Problem :: Only the lines from the beginning of the data through the one with "Die Auberginen längs" belong in the answer, each retyped exactly, with pictures left out.

━━━ Data section

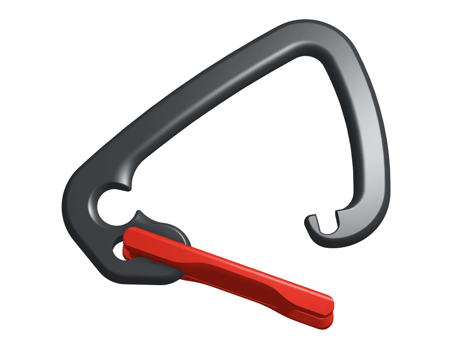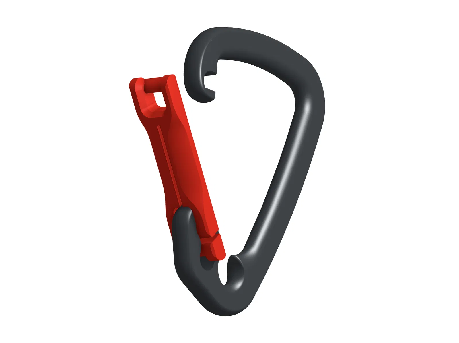 Một cái carabiner sử dụng chốt lò xo tách đôi lấy cảm hứng từ Suicide Carabiner và Origami Carabiner.
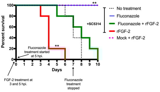 3.4. FGF-2 Enhances Mortality Rate in a Murine Model of Systemic Candidiasis
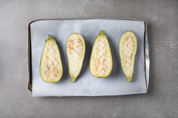 Die Auberginen längs halbieren und das Innere mit einem Messer kreuzartig einschneiden. Dabei die äußere Haut der Auberginen nicht verletzen.
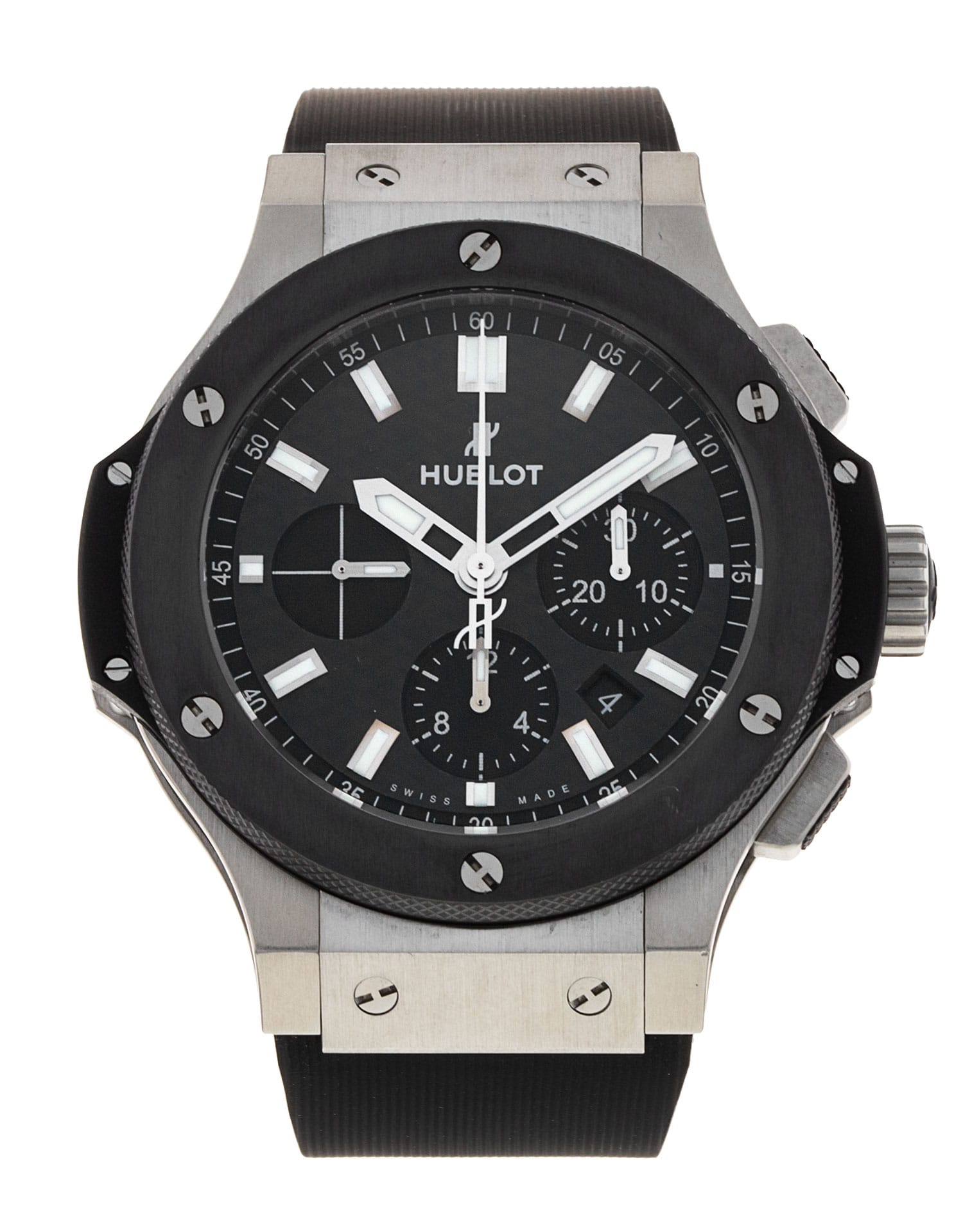 This Hublot Big Bang 301.SM.1770.RX has a black baton dial and a rubber strap. This Hublot has undergone a thorough inspection of water resistance, accuracy, functionality and condition to determine the level of reconditioning required to meet our strict standards. It has also been referenced against technical documents and manufacturer records where available to ensure authenticity and a clean history. All our watches have a 24-month warranty for your peace of mind.

━━━━━━

Task answer ::
 Một cái carabiner sử dụng chốt lò xo tách đôi lấy cảm hứng từ Suicide Carabiner và Origami Carabiner.
 3.4. FGF-2 Enhances Mortality Rate in a Murine Model of Systemic Candidiasis
 Die Auberginen längs halbieren und das Innere mit einem Messer kreuzartig einschneiden. Dabei die äußere Haut der Auberginen nicht verletzen.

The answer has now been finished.